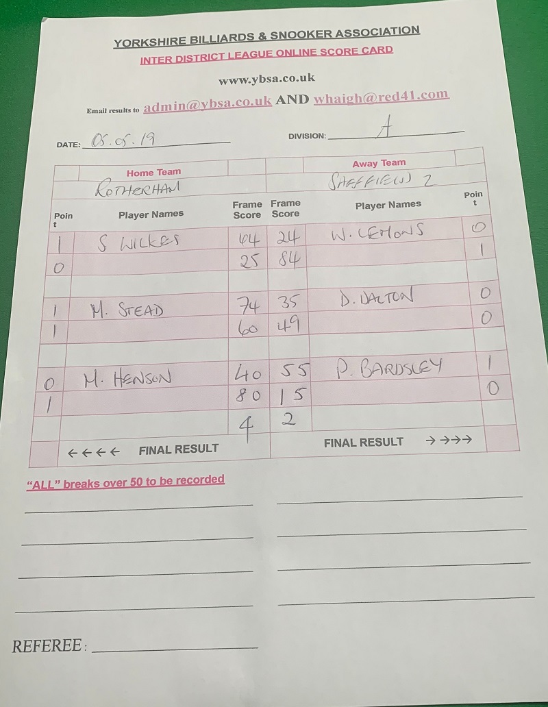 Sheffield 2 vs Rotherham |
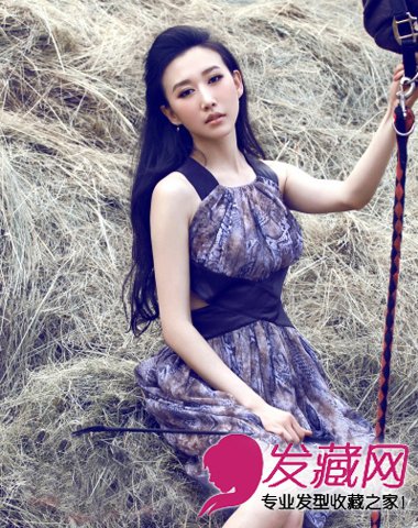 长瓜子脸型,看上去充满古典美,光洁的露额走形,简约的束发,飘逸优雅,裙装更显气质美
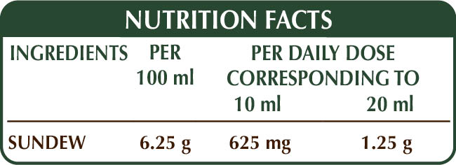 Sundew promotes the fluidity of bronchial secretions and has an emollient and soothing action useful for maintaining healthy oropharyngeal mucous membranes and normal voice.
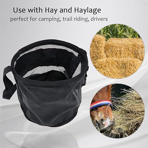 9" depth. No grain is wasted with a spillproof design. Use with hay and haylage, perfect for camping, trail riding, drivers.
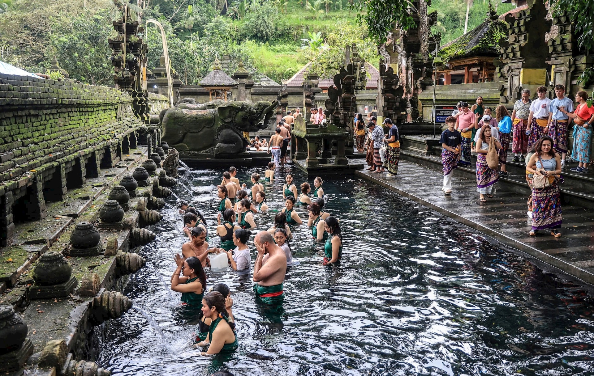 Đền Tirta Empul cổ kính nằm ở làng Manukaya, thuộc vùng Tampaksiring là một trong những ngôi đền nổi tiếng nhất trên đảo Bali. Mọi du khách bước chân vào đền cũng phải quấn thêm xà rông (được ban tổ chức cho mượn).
----
Task item -> If an entry contains a picture, skip the picture and reproduce everything else exactly.

Answer area ->
 Sheffield 2 vs Rotherham |
 长瓜子脸型,看上去充满古典美,光洁的露额走形,简约的束发,飘逸优雅,裙装更显气质美
 Sundew promotes the fluidity of bronchial secretions and has an emollient and soothing action useful for maintaining healthy oropharyngeal mucous membranes and normal voice.
 9" depth. No grain is wasted with a spillproof design. Use with hay and haylage, perfect for camping, trail riding, drivers.
 Đền Tirta Empul cổ kính nằm ở làng Manukaya, thuộc vùng Tampaksiring là một trong những ngôi đền nổi tiếng nhất trên đảo Bali. Mọi du khách bước chân vào đền cũng phải quấn thêm xà rông (được ban tổ chức cho mượn).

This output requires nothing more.